— …якоже повелел Еси, создавый мя, и рекий ми: яко земля еси и в землю отыде-э-эши… — обращаясь к Небесам, святой отец вскинул голову, длинно посмотрел сквозь просветы ветвей в сентябрьскую синь, и на какой-то миг его ярко-зелёные глаза, будто слившись с вечностью, стали почти прозрачными.

— Как подумаю, что ей всего сорок восемь было, так мороз по коже. — Стараясь не глядеть на лицо Анны, Анфиса с трудом протолкнула застрявший в горле тугой, неподдающийся ком.
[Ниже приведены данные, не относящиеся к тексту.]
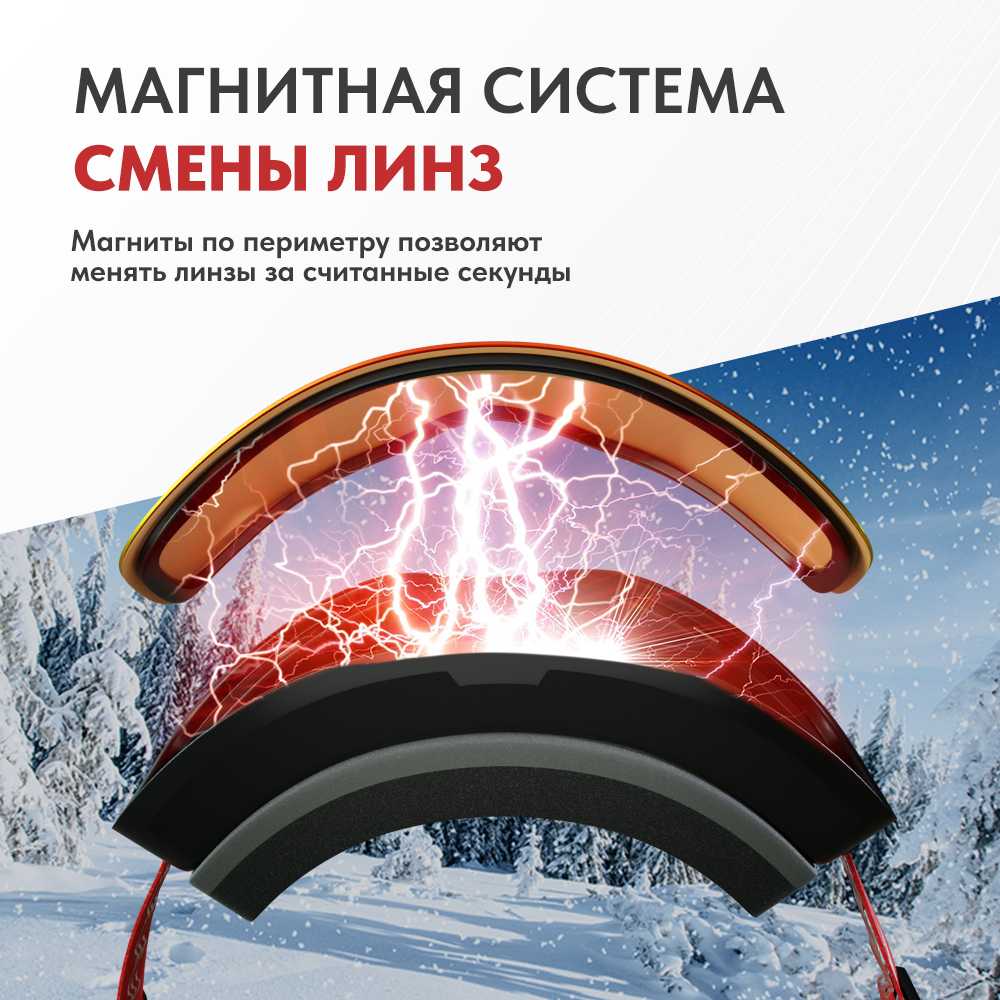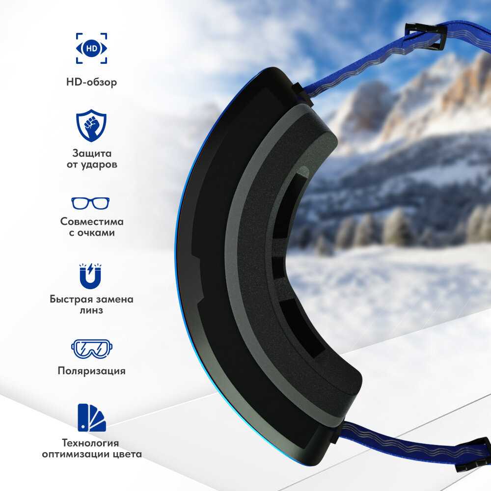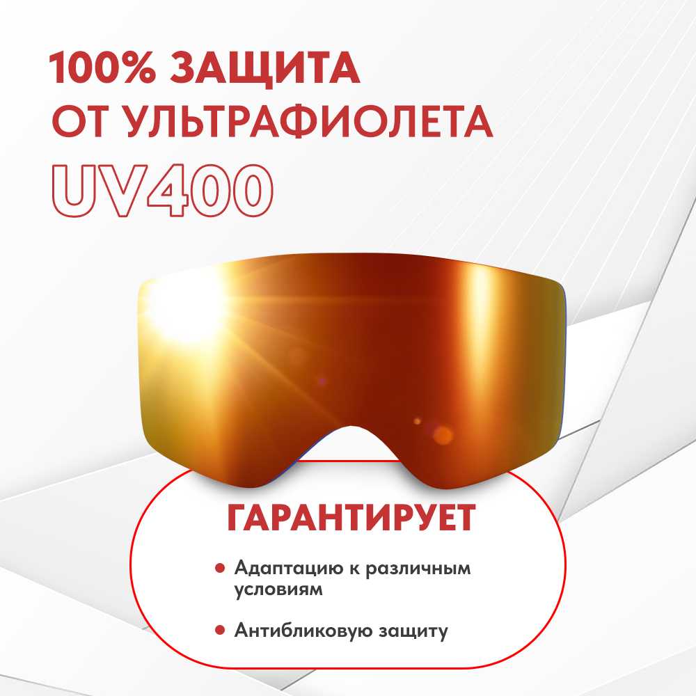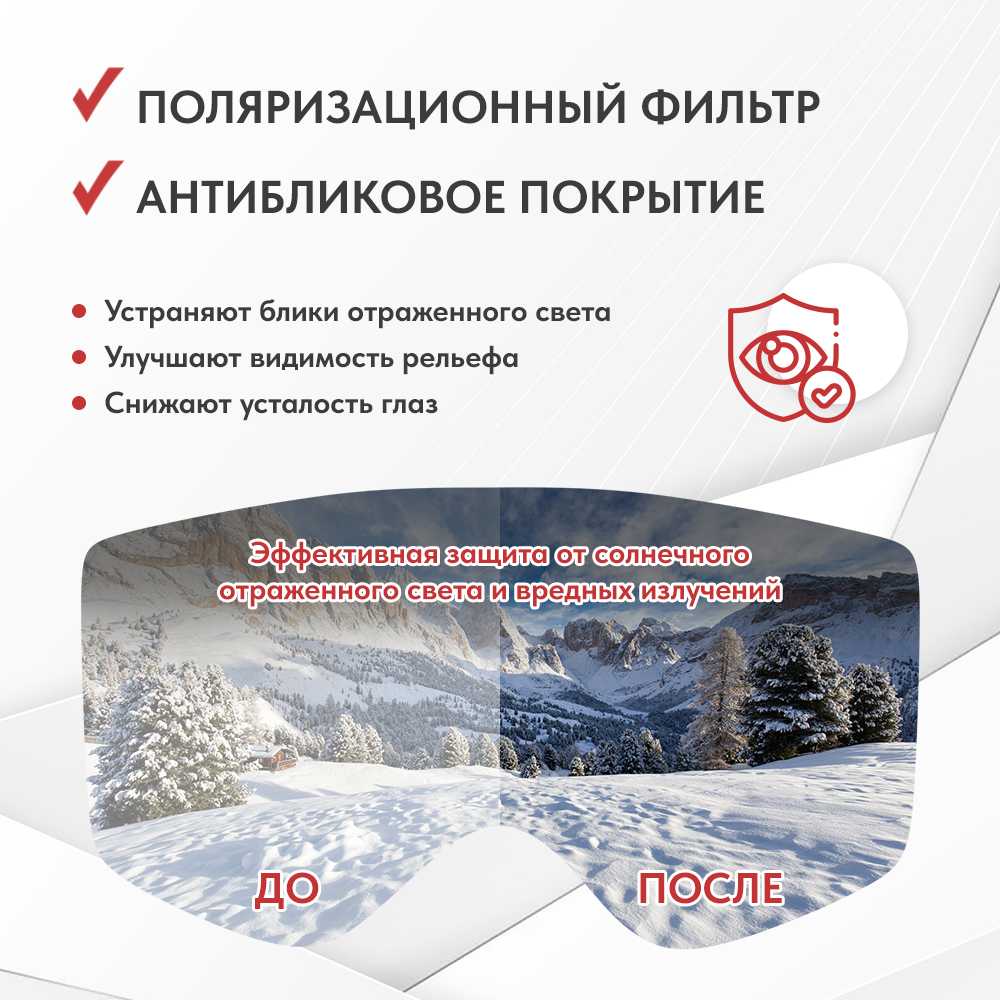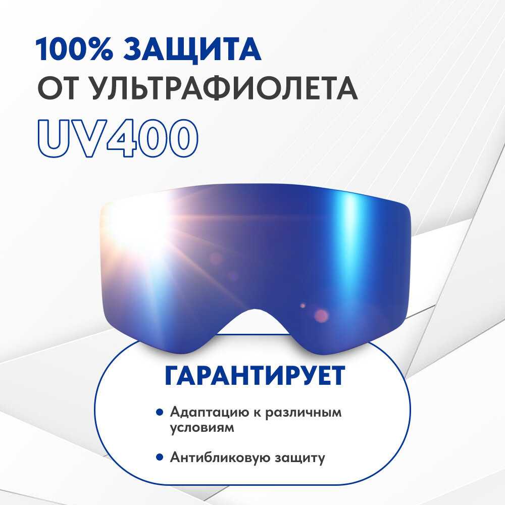 Особенности : | УФ-защита, быстрая смена линз, вентиляция, защита от запотевания, зеркальное покрытие, ношение поверх очков, поляризационный фильтр, съёмная линза |
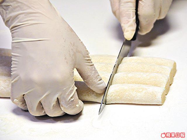 2.手粉撒上枱,將香蕉糕切開,再搓成長條狀。

— Будет тебе. — Словно прочитав мысли жены, Григорий нащупал своими шершавыми, загрубевшими пальцами руку Анфисы и, слегка сжав ладонь, понимающе выдохнул: — Ты на себя-то всякую беду не примеряй, а не то она быстро в дом зачастит.

— Так ведь я Анны на пять лет старше, — сорвавшись с шёпота, голос Анфисы дрогнул.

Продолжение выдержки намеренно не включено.